To determine the keyword ideas, you need two sets of data:
- a current Brand Analytics search term report. The report is available for brand owner on Amazon and can be downloaded from Brand Analytics.
- a CSV file with your own listing data.
The CSV file with the listing data should contain the following columns:
- Marketplace (e.g. "US")
- ASIN
- Title
- Bullet 1
- Bullet 2
- Bullet 3
- Bullet 4
- Bullet 5
Optional, you can add the hidden/backend keywords to the script (also called "hidden keywords") if you want to check them as well.
Identify keyword ideas
Let's go through the steps using an example. Here we take the "RUF Whipped Cream" as the product.
Now we go through the steps explained above. Before that, we have to download our data.
Load Brand Analytics data
First of all, we load the Brand Analytics search term data:
fileNameBA = "./Amazon-Searchterms-US.csv"
thousandSeparator = "," # US
columns = ["Search Term","Search Frequency Rank","#1 Clicked ASIN","#2 Clicked ASIN","#3 Clicked ASIN"] # US
# Load data
dfBA = pd.read_csv(fileNameBA, thousands=thousandSeparator, usecols=columns, engine="python", error_bad_lines=True, encoding='utf-8', skiprows=1, sep=",")
# Rename columns
dfBA.columns = ['searchterm', 'rank', '1', '2', '3']
# Unmelt dfBA from wide to long
dfBA_Long = dfBA.melt(id_vars=["searchterm", "rank"], var_name="position", value_name="ASIN")
# Make position an int
dfBA_Long = dfBA_Long.astype({"position": int})
# Drop N/A
dfBA_Long = dfBA_Long.dropna()
# Reset index and sort
dfBA_Long_WithIndex = dfBA_Long.set_index('searchterm')
dfBA_Long_WithIndex = dfBA_Long_WithIndex.sort_index()

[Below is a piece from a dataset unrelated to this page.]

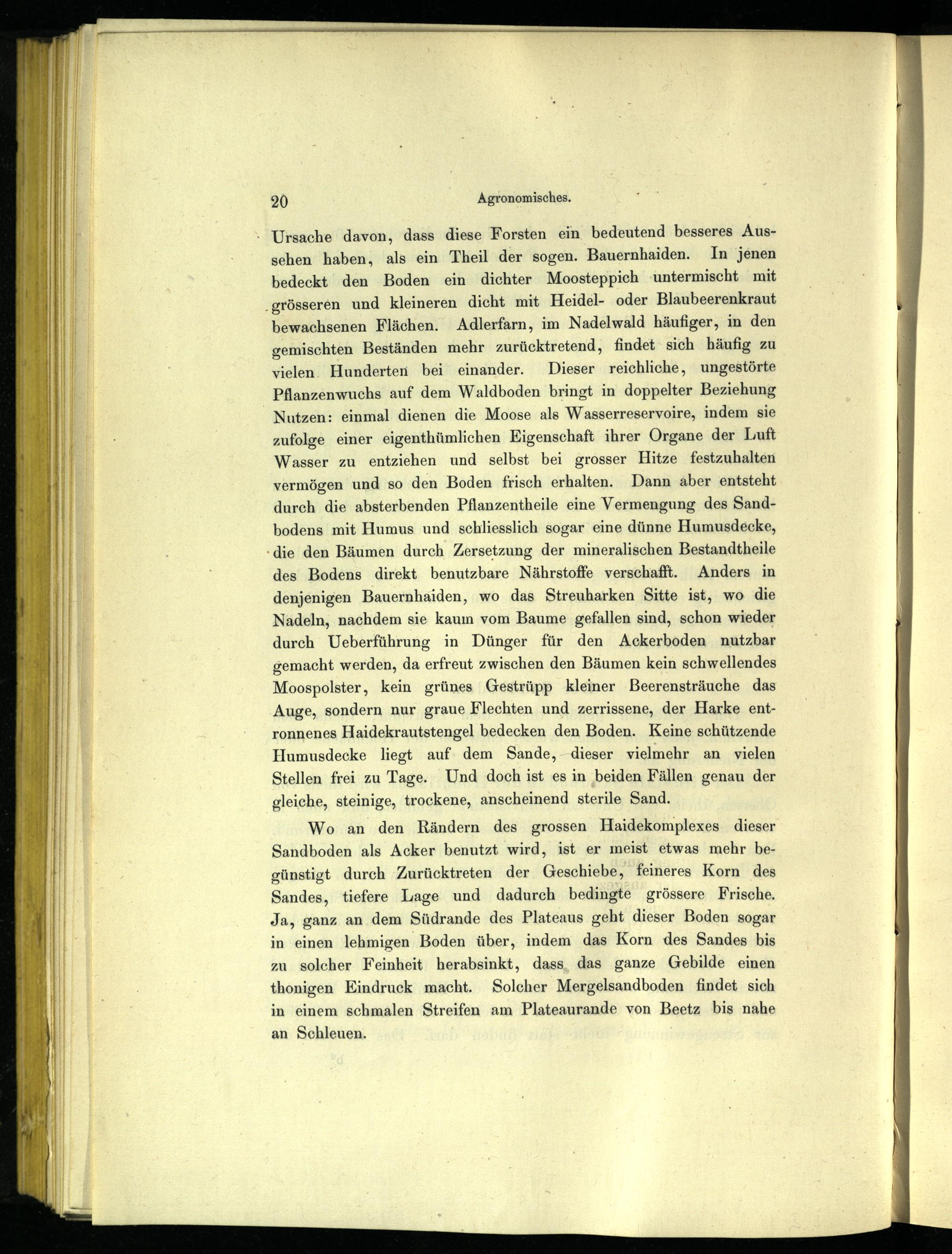 Wo an den Rändern des grossen Haidekomplexes. dieser Sandboden als Acker benutzt wird, ist er meist etwas mehr begünstigt durch Zurücktreten der Geschiebe, feineres Korn des Sandes, tiefere Lage und dadurch bedingte grössere Frische. Ja, ganz an dem Südrande des Plateaus geht dieser Boden sogar in einen lehmigen Boden über, indem das Korn des Sandes bis zu solcher Feinheit herabsinkt, dass, das ganze Gebilde einen thonigen Eindruck macht. Solcher Mergelsandboden findet sich in einem schmalen Streifen am Plateaurande von Beetz bis nahe

We have depivotated the data so that it is now in the following format (excerpt):
searchterm | rank | position | ASIN |
---|---|---|---|
shaw hart | 237,620 | 3 | B08T9TTC67 |
nautical rug | 344,663 | 1 | B01DVDBSWG |
belts for boys | 167,907 | 1 | B08P8K1HRF |
hori switch controller | 368,320 | 1 | B08KT7ML1R |
rear window prime video | 352,193 | 2 | B00D5UK8DQ |
Load listing data
By now we still need the listing information. We assume the information has already been loaded in a dataframe called df_products
:
By now we have everything we need. Time for our five-step approach!
For which keywords does our product rank? (Step 1)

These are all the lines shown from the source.